Instead, you choose a standing-height table with the barstool version of the same chair, switching between sitting and standing every few minutes. It's not very efficient or comfortable, but it's better than sitting on the floor.
After several hours of this, though, your entire body aches and you're sick of it. You return to the gate area, where you discover two things:
- Your flight has been delayed for two hours, bringing your layover up to eight hours
- Each gate has one or two seats on the end of a row marked with the handicapped symbol and no armrest on the outside
All the accessible seats are taken by thin abled people at your gate and nearby gates, so you hover until one comes free and then dash to take it. Your legs are spread awkwardly wide as you sit, since the chair itself was still designed to exclude butts like yours, and you have to brace yourself to keep from falling off since there's no armrest.
You spend another two hours braced in the chair, afraid to leave to go to the bathroom and lose the chair entirely, dejectedly playing games on your phone instead of the more intense reading you'd intended.
By this point, you have no mental energy left. The few other very fat people you see braving the airport all look as exhausted as you do.
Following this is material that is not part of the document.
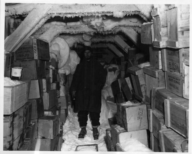 <b>Summary</b>: Image of a member of Operation Windmill standing inside a building in Antarctica. The man is surrounded by supplies. Operation Windmill (1947-1948) was an expedition established by the Chief of Naval Operations to train personnel, test equipment, and reaffirm American interests in Antarctica

When your plane finally arrives, you step into the pre-boarding line. An older man standing in the first "regular" boarding line murmurs uneasily to his wife as you step forward with your boarding passes.
This flight isn't full, so no one gives you any hassle over your second seat, but half an hour into the flight a different issue becomes clear: you need to pee.
Often, you deliberately dehydrate yourself before flights, because airplane bathrooms are definitely designed to exclude you. Not only did the designers decide that people like you didn't deserve to have a comfortable experience, they designed the bathroom so that you can't turn around or wipe yourself.
You've worn leak-resistant panties all day as a backup strategy, but you dared to have a normal meal during that eight hours at the last airport, and you can feel your insides sloshing with the motion of the plane. Though you started the day off feeling neutral about your body, more and more you feel like existing in it is a curse.
Once again, you turn to groggy game-playing on your phone, desperately wishing the flight were over.
This is the cognitive load of fatness. Everywhere we go, everyone we interact with, we're carrying a heavy burden that thin and thinner people simply don't have to bear, and can't even see.
We can't opt out, and we can't fix it. And that's energy that thin(ner) people can spend on other things, that we can't.
What would it look like if you, in the situation above, had had all your energy to support your family at the funeral, instead of only a little?
How would it feel if you always appeared in public flushed, sweaty, disheveled, spacey and embarrassed -- because the environment was designed to make you appear that way?
Sometimes we can mitigate a certain amount of poor treatment, for instance, by playing the "good fatty" -- performatively atoning for our fatness and loudly investing our resources into diet culture. But that only goes so far, and it won't make thin people stop making decisions that exclude us. It won't give us a literal seat at the table.
Something I want you to go back and look at is how, through the entire story (which is a real, non-exaggerated depiction of my flights to North Carolina last week after a death in my family), I avoided blaming my body, instead placing the blame where it belongs -- on the people who built the physical environment of our lives to exclude us.
Even after all the years I've been doing this work, it still took real intention and effort to consistently connect the real cause and effect.
Not "My body didn't fit into the seat because it's too big," but "My body didn't fit into the seat because someone designed the seat not to fit."
Moving through a world that wishes you didn't exist, and tries to enforce your disappearance through its very physical structure, requires again and again relocating the anger and frustration to its appropriate target -- the people who exclude us, not our bodies. It has to be an intentional practice, but it's so hard when we've been taught out entire lives that it's us, we're the problem, with our unruly non-compliant bodies.
You go to your grandmother's funeral, quietly grateful that your makeshift outfit isn't too out of place.
Afterward, your mother remarks, "Aunt Jane just had gastric bypass surgery nine days ago. Didn't she look great?"